### To do
Restate verbatim the span of lines below between the line with "回家后发现颈椎持续发出旋转脖" and the line with "Show her how", including those two lines, and only that span.

• • • •

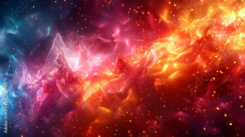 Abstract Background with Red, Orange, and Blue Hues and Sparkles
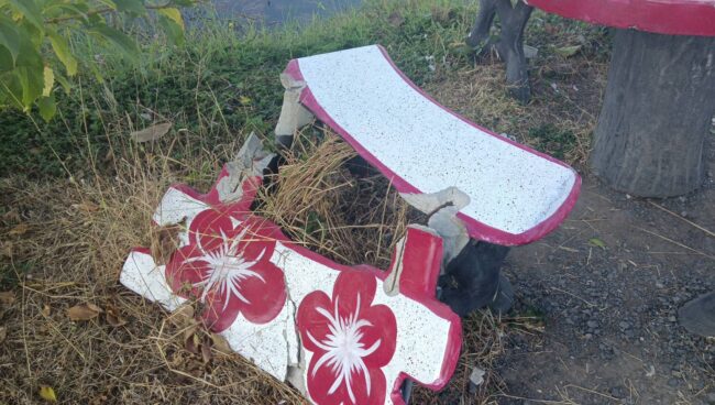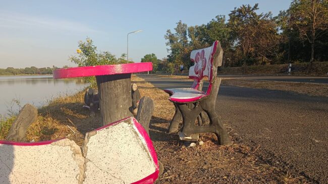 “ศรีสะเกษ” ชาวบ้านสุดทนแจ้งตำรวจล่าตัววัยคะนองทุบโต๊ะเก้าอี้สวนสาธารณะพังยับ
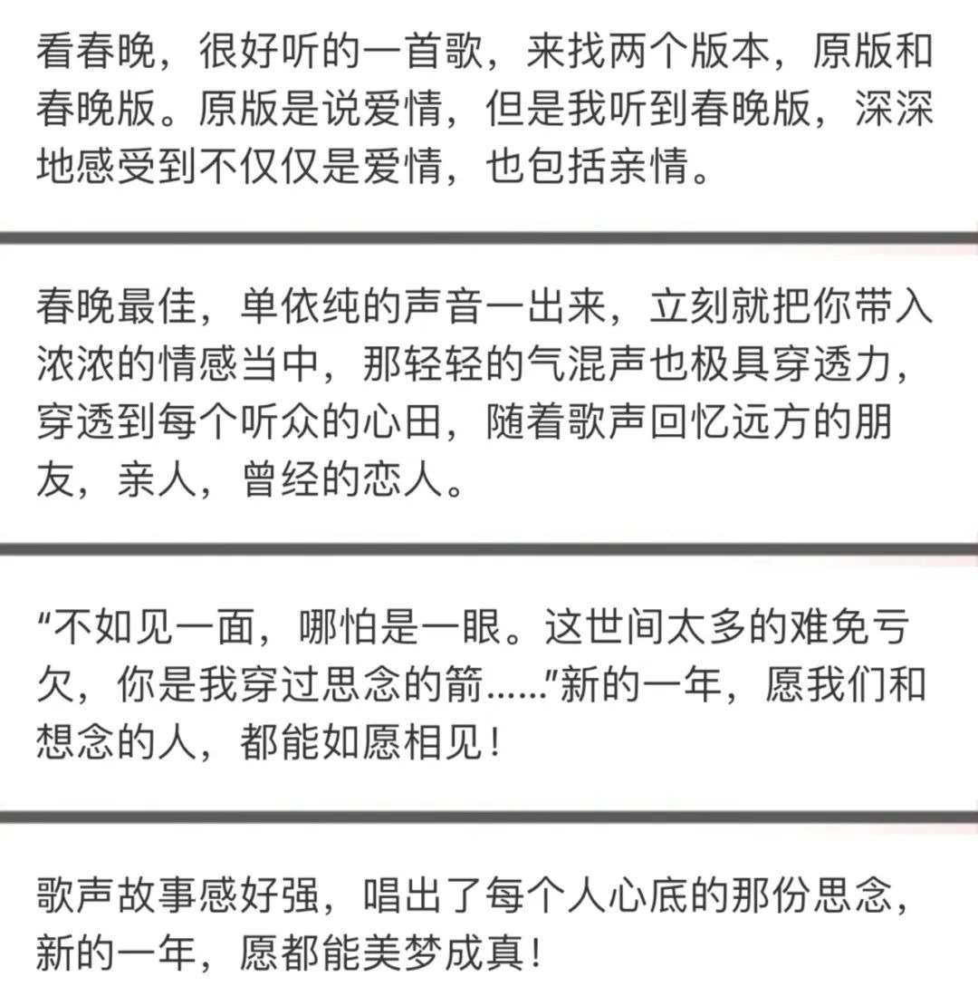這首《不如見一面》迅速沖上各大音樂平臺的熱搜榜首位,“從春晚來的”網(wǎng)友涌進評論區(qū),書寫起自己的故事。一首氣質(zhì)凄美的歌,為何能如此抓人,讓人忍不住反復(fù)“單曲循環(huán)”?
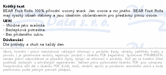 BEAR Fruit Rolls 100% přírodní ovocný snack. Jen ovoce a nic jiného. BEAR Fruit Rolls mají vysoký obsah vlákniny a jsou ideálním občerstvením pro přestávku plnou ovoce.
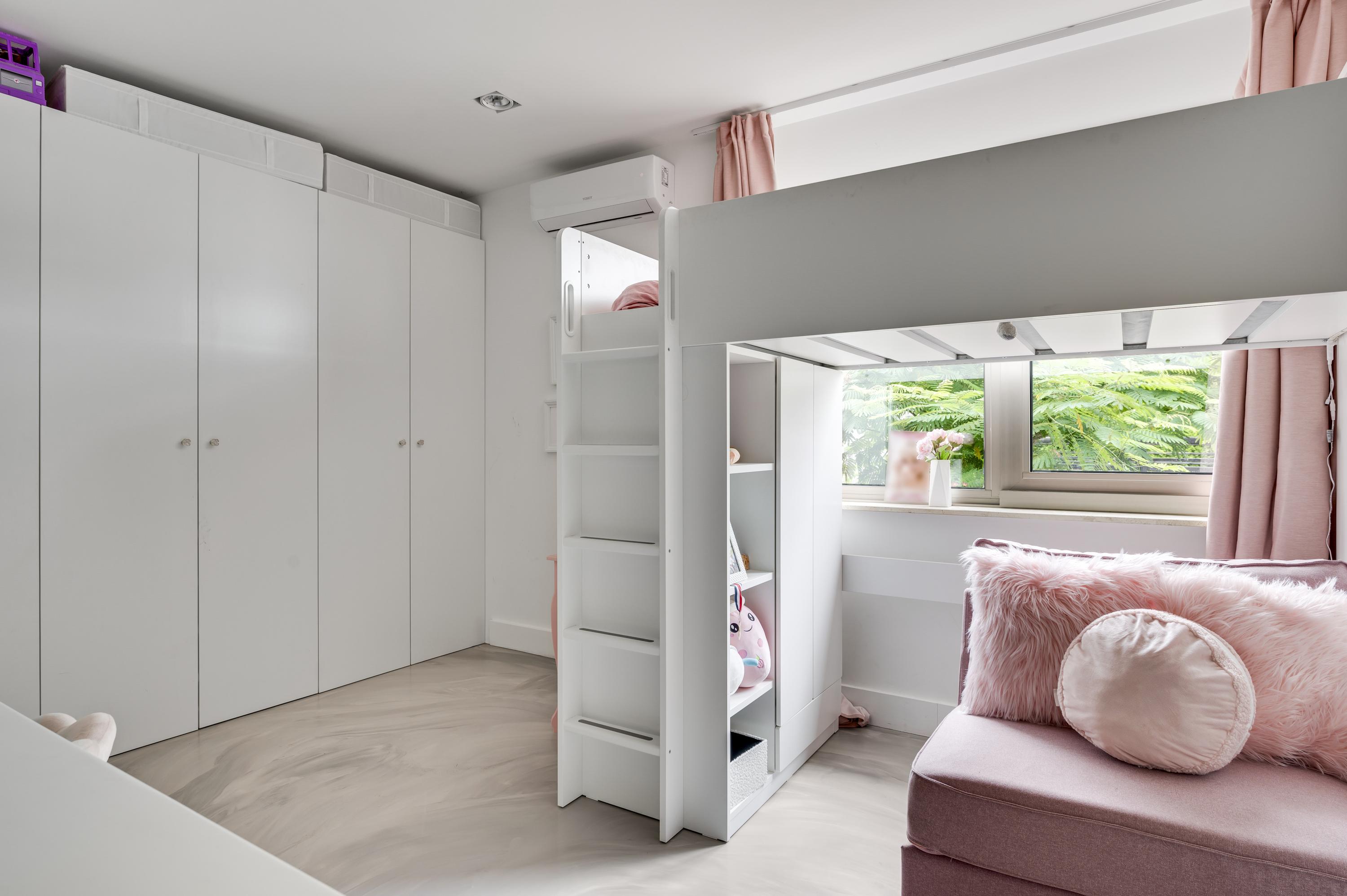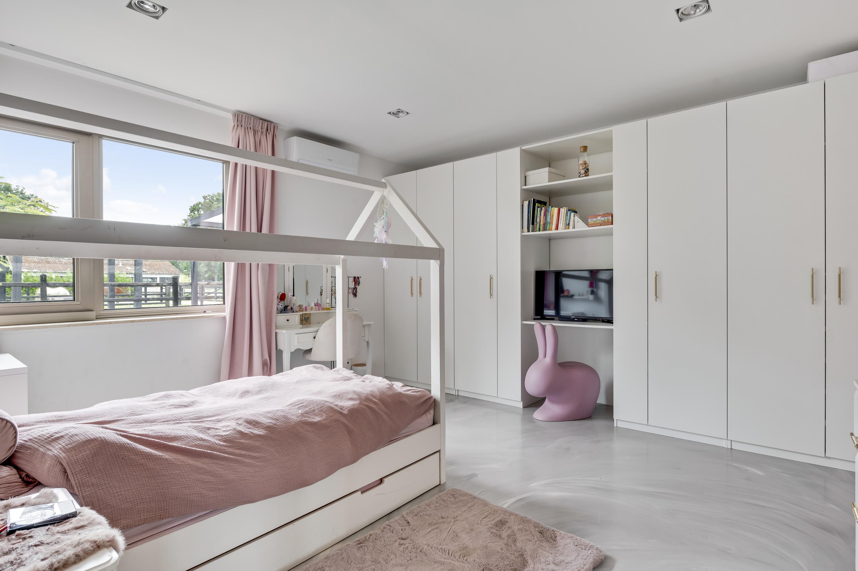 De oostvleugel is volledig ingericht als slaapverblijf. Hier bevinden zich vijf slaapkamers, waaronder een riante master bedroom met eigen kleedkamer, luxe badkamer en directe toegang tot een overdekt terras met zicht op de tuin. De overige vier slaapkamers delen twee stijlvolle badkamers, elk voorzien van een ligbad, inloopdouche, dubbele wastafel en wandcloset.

• • • •

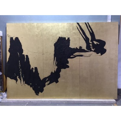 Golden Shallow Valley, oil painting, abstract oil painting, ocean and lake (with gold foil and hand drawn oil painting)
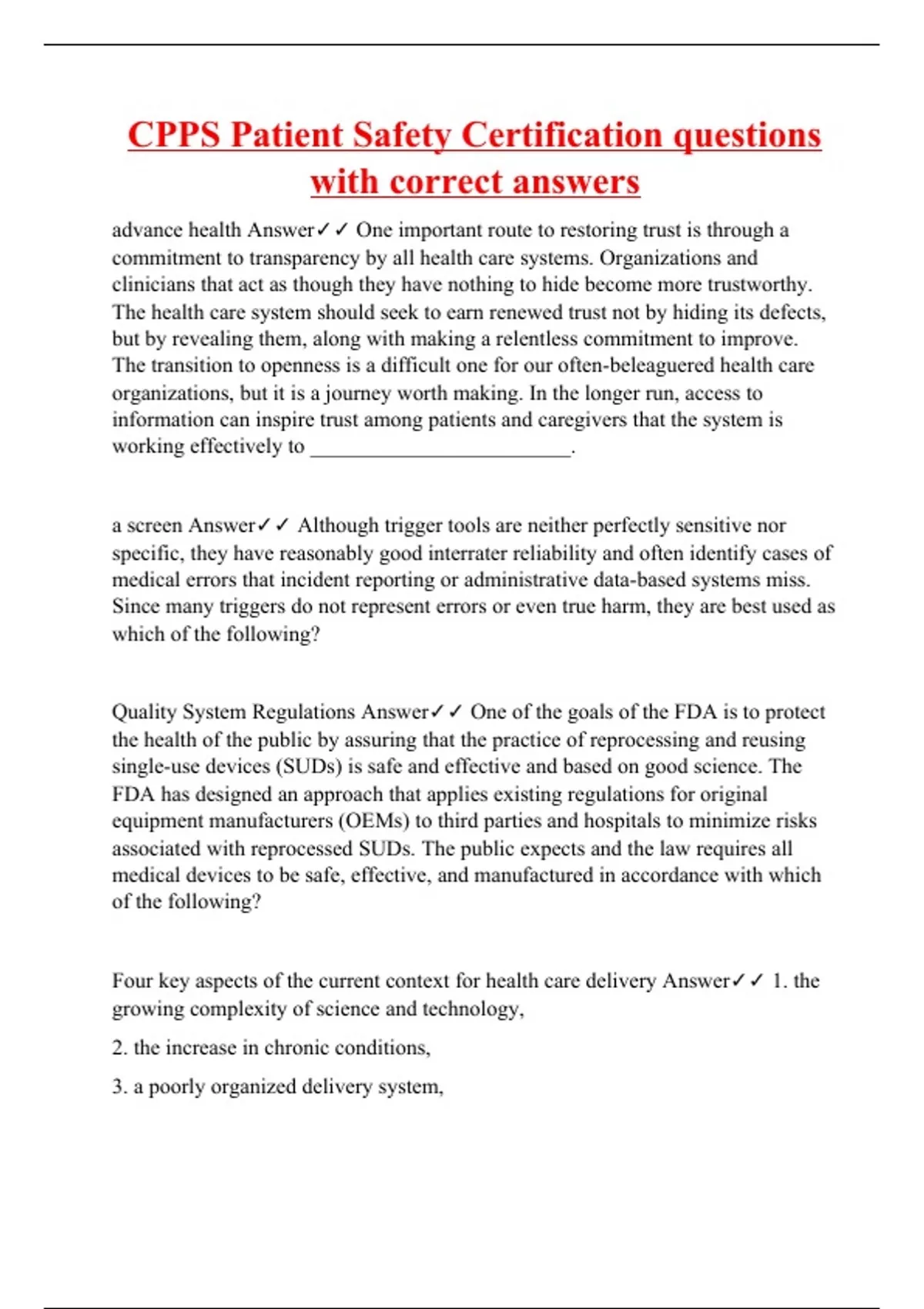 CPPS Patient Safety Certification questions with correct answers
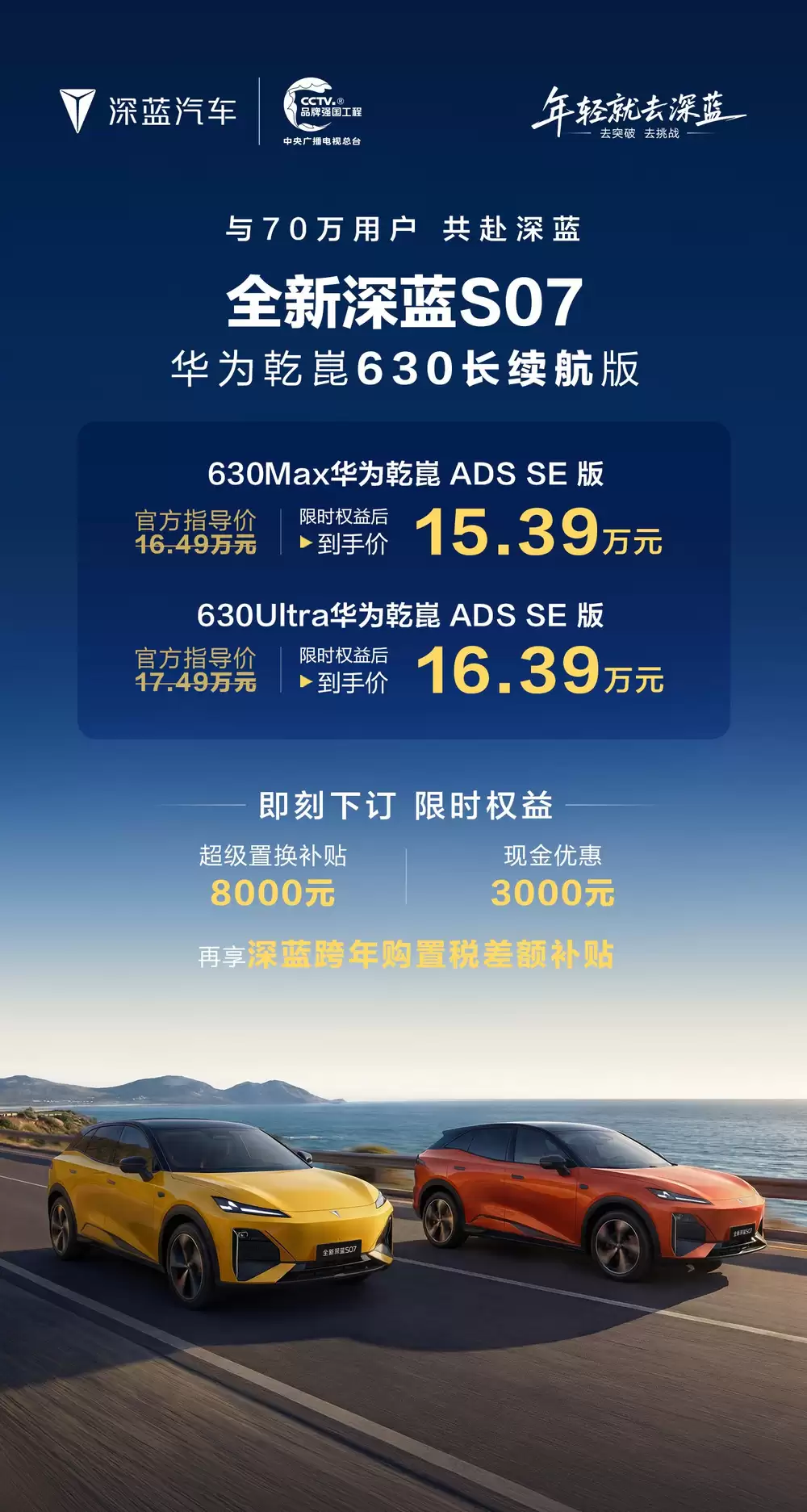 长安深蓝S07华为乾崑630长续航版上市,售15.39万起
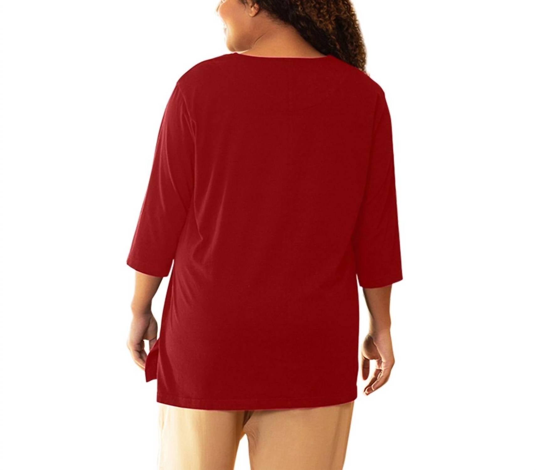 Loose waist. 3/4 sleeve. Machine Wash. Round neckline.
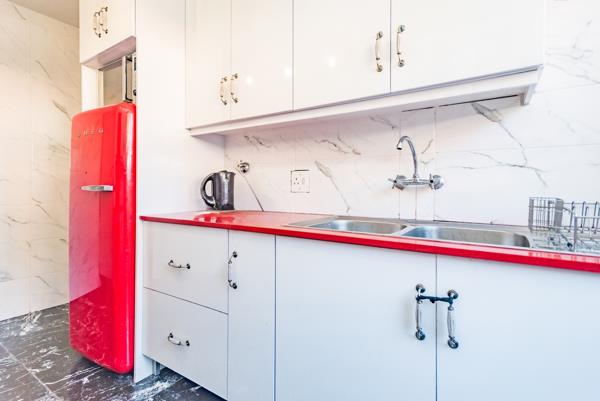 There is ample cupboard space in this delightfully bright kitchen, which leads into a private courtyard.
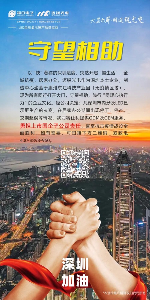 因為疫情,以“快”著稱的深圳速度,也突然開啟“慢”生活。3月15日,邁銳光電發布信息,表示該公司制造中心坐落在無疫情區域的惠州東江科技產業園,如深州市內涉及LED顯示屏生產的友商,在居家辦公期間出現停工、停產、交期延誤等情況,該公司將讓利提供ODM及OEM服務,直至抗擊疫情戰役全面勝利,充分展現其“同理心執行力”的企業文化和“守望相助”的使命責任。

• • • •

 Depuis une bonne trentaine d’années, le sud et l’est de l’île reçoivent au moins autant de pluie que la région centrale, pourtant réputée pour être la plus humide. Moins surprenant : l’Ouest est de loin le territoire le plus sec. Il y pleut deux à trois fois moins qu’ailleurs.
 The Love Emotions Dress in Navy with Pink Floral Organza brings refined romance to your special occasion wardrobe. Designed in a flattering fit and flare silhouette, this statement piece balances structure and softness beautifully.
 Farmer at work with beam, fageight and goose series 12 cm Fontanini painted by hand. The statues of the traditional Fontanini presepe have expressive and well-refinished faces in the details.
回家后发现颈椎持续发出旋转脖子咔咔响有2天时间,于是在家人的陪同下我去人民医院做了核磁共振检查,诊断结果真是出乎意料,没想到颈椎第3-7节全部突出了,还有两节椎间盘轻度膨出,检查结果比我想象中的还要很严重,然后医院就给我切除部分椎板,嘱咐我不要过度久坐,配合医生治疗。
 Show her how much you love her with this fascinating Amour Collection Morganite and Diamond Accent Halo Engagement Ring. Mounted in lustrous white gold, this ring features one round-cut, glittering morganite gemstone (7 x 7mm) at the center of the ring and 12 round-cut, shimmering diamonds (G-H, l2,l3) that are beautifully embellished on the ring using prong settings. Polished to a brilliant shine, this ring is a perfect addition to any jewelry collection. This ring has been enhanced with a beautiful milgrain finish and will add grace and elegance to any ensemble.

• • • •

### Written response
回家后发现颈椎持续发出旋转脖子咔咔响有2天时间,于是在家人的陪同下我去人民医院做了核磁共振检查,诊断结果真是出乎意料,没想到颈椎第3-7节全部突出了,还有两节椎间盘轻度膨出,检查结果比我想象中的还要很严重,然后医院就给我切除部分椎板,嘱咐我不要过度久坐,配合医生治疗。
 Show her how much you love her with this fascinating Amour Collection Morganite and Diamond Accent Halo Engagement Ring. Mounted in lustrous white gold, this ring features one round-cut, glittering morganite gemstone (7 x 7mm) at the center of the ring and 12 round-cut, shimmering diamonds (G-H, l2,l3) that are beautifully embellished on the ring using prong settings. Polished to a brilliant shine, this ring is a perfect addition to any jewelry collection. This ring has been enhanced with a beautiful milgrain finish and will add grace and elegance to any ensemble.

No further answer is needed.